Вопросы, словно мячики в теннисе, перелетали с одной стороны на другую. Что? Почему? Когда? Зачем?
Саманта с интересом слушала, как Элла готовила дочь к чаепитию. Откуда у нее столько терпения? Сама она, хоть и обожала Таб, через пять минут вопросов теряла терпение. Хотелось кричать от раздражения и умолять племянницу замолчать. Все. Тайм-аут.
Именно нехватка терпения заставляла задуматься, что быть матерью — не ее судьба. И хочет ли она иметь детей?
Элла тем временем продолжала:
— Бабушкина квартира не предназначена для детей, поэтому ты должна вести себя хорошо и быть аккуратной. Никаких догонялок и пряток.
— Почему?
— Потому что ты можешь что-то сломать или разбить.
— И бабушка будет ругаться и кричать?
Элла покачала головой:
— Нет. Бабушка никогда не злится и не кричит. По крайней мере, я не видела.
Майкл не произнес ни слова. Саманта невольно задумалась, о чем он размышляет. Сложившаяся ситуация должна казаться ему очень странной.
Разговор закончился, лишь когда они подошли к зданию, где располагалась квартира Гейл. Саманта посмотрела на сестру, та слабо ей улыбнулась. Похоже, они обе думали об одном и том же : последний их визит сюда закончился печально. Рано или поздно им все же придется об этом поговорить. Невозможно игнорировать вечно такой серьезный и долгий разрыв в отношениях.
Табита вытянула голову и посмотрела на вход в Центральный парк.
— Можно мне покататься в карете с лошадьми?
— Нет.
— Почему?
— Это для туристов.
— Кто такие туристы?
— Люди, которые здесь не живут, а просто ненадолго приезжают.
— И мы здесь не живем.
Саманта не представляла, как у сестры хватает сил, ведь вопросы Таб были бесконечными. Впрочем, как и ее обаяние, проявившееся в полной мере, когда она улыбнулась швейцару у входа.
— Я пришла в гости к бабушке.
— А где живет ваша бабушка, мисс? — Швейцар отменно сыграл свою роль, и вскоре они все стояли у дверей квартиры Гейл.
— Не забудь, Таб, что я тебе говорила, — вполголоса произнесла Элла, — ничего не трогай.
Таб подпрыгивала от нетерпения, прижимая к груди подарок, который сама и упаковала.
— Интересно, у бабушки есть елка?
— Нет. Бабушка не празднует Рождество.
— Почему?
«Хороший вопрос, — подумала Саманта, — считает это легкомыслием и пустой тратой денег».
Элла проявила бóльшую тактичность.
— Не все люди празднуют Рождество, и на то много разных причин.
— Мы могли бы купить ей елочку.
Элла не успела ответить. Дверь распахнулась, на пороге появилась Гейл. Она была в черном и выглядела очень хрупкой и бледной.

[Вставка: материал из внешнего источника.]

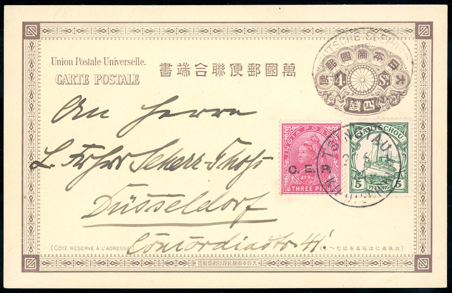 CHINA 1901 - Intero postale di Giappone da 4 sin., integrato con 3 p. India soprastampato "C.E.P." e 5 pf. Kiautshou da Tsingtau 21/6/1901 per la Germania. Non comune.

— Мама? Все хорошо? — спросила Саманта и нахмурилась.
— Разумеется! Почему должно быть иначе?
«Потому что у тебя была травма головы и потеря сознания».

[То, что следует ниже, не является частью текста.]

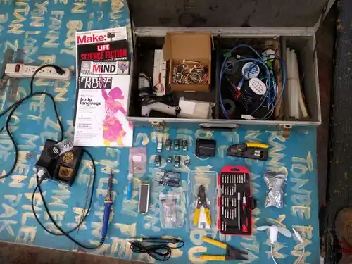All of the electronic repair stuff is in the blue case, probably sitting somewhere near the 3D printers, or maybe in the back room next to the time machine.

— Все же ты недавно выписалась из больницы.
— Я была там недолго. Чувствую себя отлично, но спасибо, что беспокоишься.
Саманта решила не настаивать. Мать никогда не признавалась в слабости, не станет и сейчас.
Переступив порог вслед за Эллой, она принялась разматывать шарф. По спине побежал холодок, она невольно вспомнила тот злополучный день. Как скоро им удастся уйти сегодня, чтобы не показаться невежливыми?
Она принялась медленно снимать обувь, но внезапно услышала восторженные крики Таб.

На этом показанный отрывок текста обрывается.